# Cockapoo extreme separation and confinement anxiety



## CottonTheCockapoo (Apr 4, 2021)

Hi

I am a first time cockapoo (show + miniature) owner and had my puppy for two weeks. To be honest, he is driving me insane with his confinement and separation anxiety.

I am not able to crate him for more than five minutes without him whining and barking - giving him Kong or puzzle toys or chews do not work so far as whining begins after he loses interest. The same goes for confining him to the living room when I leave to take a shower or cook dinner. I have tried all the tricks such as slowly introduce him to crate, feeding in crate and giving him treats when he goes inside voluntarily. Recently he has started whining and pawing at the living room door even with me inside the living room. 

Because of the crate and anxiety issue, he is not able to sleep which spirals into him throwing tantrums often. When he is actually sleeping, he will wake up whenever I stand up to leave the room. 

I think this is a very big behavioral issue but do not want to spend money on a dog trainer yet. However it is driving me (and my neighbours) crazy! I cannot even go to the toilet on the worst days. I have thoughts of rehoming him now if this issue does not go away. I heard cockapoo has such an issue but it is significantly worse for him as he is rather timid by nature. This has led to some growling and biting issues which I suspect is out of fear for crate.

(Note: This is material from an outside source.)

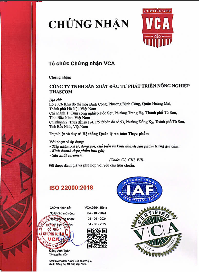 Sản phẩm trứng gà ta Ola - Thương hiệu sản phẩm của Thascom được sản xuất tại các hệ thống trang trại theo tiêu chuẩn An toàn vệ sinh thực phẩm sau đó được vệ sinh - làm sạch - đóng gói tại nhà máy sản xuất của Thascom theo tiêu chuẩn ISO 22000.

Any help please I am desperate!


----------



## 2ndhandgal (Aug 29, 2011)

Getting in touch with a trainer now will save you a fortune in the long run as assuming this is a baby pup coming to you at 8 or 10 weeks this is very normal puppy behaviour and they need to learn gradually to cope with being alone. Pups learn to cope with being alone in very small doses by settling in and being secure and happy. My pup slept in a crate in my bedroom and slept all night through from day one, she was also fed in her crate and loved the security of a space that was hers. She was never left to cry in the crate and any time she spent in it was just built up very gradually as she was happy to settle and sleep in there.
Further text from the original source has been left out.